This new issue of AFRIKADAA proposes a reflection on the Silent Revolts in the West Indies-Guyana and the Indian Ocean, and the relationship between art and activism. This editorial space as a space of refuge punctuated by different photographs of mangroves in which activists, artists and researchers bring us their warlike responses as diverse as the art-militant melee is direct and complex. A particular focus on the work of Guadeloupean artist Jay Ramier, of black music as an act of resistance, announcing the upcoming opening of his solo exhibition Keep Burning Fire/Gadé Difé Limé at the Palais de Tokyo.
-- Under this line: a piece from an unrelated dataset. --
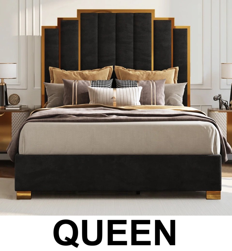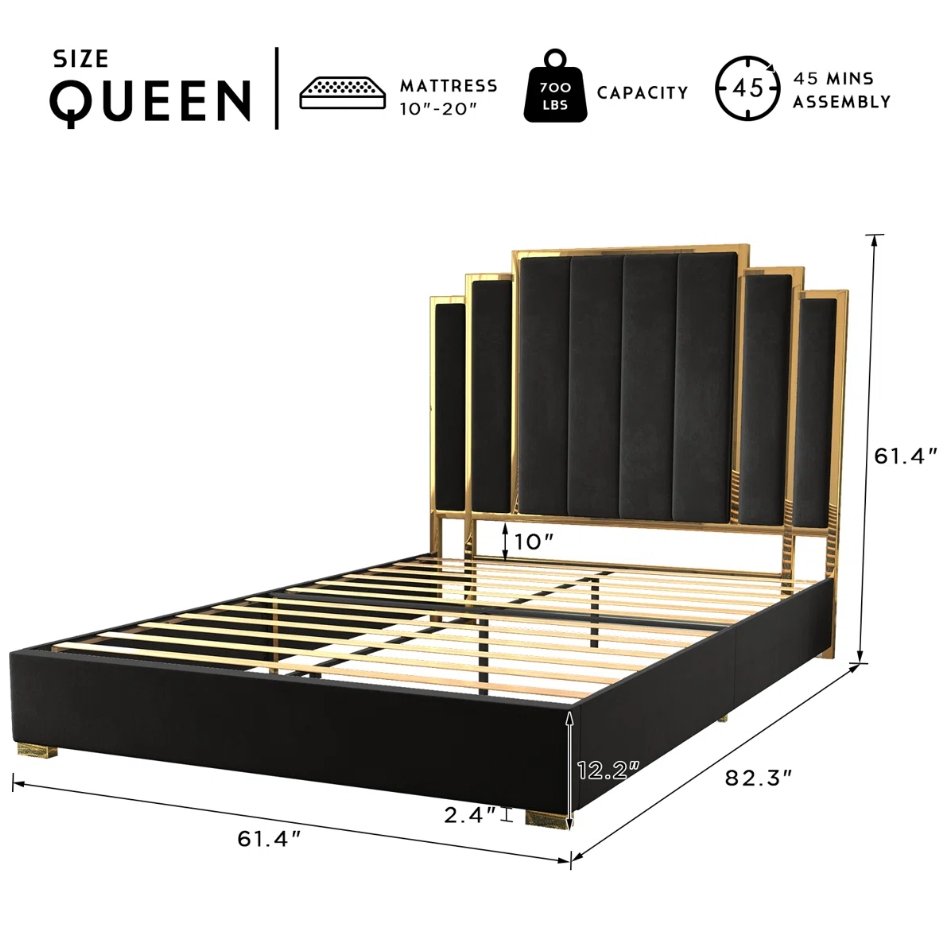 jocisland upholstered platform bed with 61" headboard - queen - black/gold - (model: bhb007)

The voices expressed through AFRIKADAA today fill a gap between the colonial continuum of discourse and local resistance practices, and show that continuing to speak of “us” without “we” demonstrates a global misunderstanding of discriminatory and postcolonial issues. AFRIKADAA thus stands out as a rock of resistance to practices of legitimization of power. We have tried to respond to this in this new issue of the AFRIKADAA magazine, which freely dreams of piercing the walls of current emancipation in order to fully blow and then let the sulphur flow. “Duty to blow, we will not be a crushed generation” – Édouard Glissant
“Capitalism is the mortal enemy of activism – the poison of revolts.”
The live editorial act of the last issue of the magazine AFRIKADAA on the theme “silent revolts” within the Palais de Tokyo will be thought as a field of experimentation, trembling, rumbling, punctuated by messages to the sound of percussion where tradition and modernity are questioned, rethought, translated and found in the space of refuge of the mangrove; where the invited artists will question a poetics of the relationship, immateriality and the act of performing a magazine.
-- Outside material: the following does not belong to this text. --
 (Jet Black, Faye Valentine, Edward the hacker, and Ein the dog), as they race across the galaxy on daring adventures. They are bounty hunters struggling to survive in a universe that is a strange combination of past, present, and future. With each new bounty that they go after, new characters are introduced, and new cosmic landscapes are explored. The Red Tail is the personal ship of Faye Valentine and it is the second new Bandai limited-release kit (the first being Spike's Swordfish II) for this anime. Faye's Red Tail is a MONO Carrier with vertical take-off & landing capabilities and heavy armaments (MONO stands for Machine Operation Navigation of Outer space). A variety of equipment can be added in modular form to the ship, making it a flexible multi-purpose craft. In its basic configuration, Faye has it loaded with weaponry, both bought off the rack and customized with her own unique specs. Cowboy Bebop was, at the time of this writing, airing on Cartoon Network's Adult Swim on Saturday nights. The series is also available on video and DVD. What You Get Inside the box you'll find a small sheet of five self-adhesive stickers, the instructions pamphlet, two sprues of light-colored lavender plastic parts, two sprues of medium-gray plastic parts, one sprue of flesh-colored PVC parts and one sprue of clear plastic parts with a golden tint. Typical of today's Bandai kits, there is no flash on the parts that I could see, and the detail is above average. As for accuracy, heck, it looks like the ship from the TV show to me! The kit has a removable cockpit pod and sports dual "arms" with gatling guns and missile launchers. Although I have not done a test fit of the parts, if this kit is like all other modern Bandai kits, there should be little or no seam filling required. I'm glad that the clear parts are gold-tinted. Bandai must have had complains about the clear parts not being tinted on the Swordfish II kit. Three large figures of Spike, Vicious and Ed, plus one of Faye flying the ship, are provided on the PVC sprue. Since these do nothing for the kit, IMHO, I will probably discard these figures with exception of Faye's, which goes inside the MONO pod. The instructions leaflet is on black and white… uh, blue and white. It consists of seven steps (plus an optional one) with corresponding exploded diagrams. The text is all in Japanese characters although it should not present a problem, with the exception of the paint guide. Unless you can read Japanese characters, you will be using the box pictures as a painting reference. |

Through a landscape of lianas and a series of suspended flags created by artist Jay Ramier to poetically and politically revisit the flag of Guadeloupe, AFRIKADAA’s guest artists will shake the walls of the Palais de Tokyo with shouts, chants, readings, musical sessions, and performances, which will follow the rhythms of texts from the new publication whispered/screamed and mixed like a collective jam session.
In doing so, this event will be an opportunity to enter into dialogue with the exhibition of the artist Jay Ramier (Keep Burning Fire/Gadé Difé Limé) and to consider forms of sharing through gesture, awakening and energy via performance where sound narratives will resonate at the heart of the program proposed by the curator Pascale Obolo.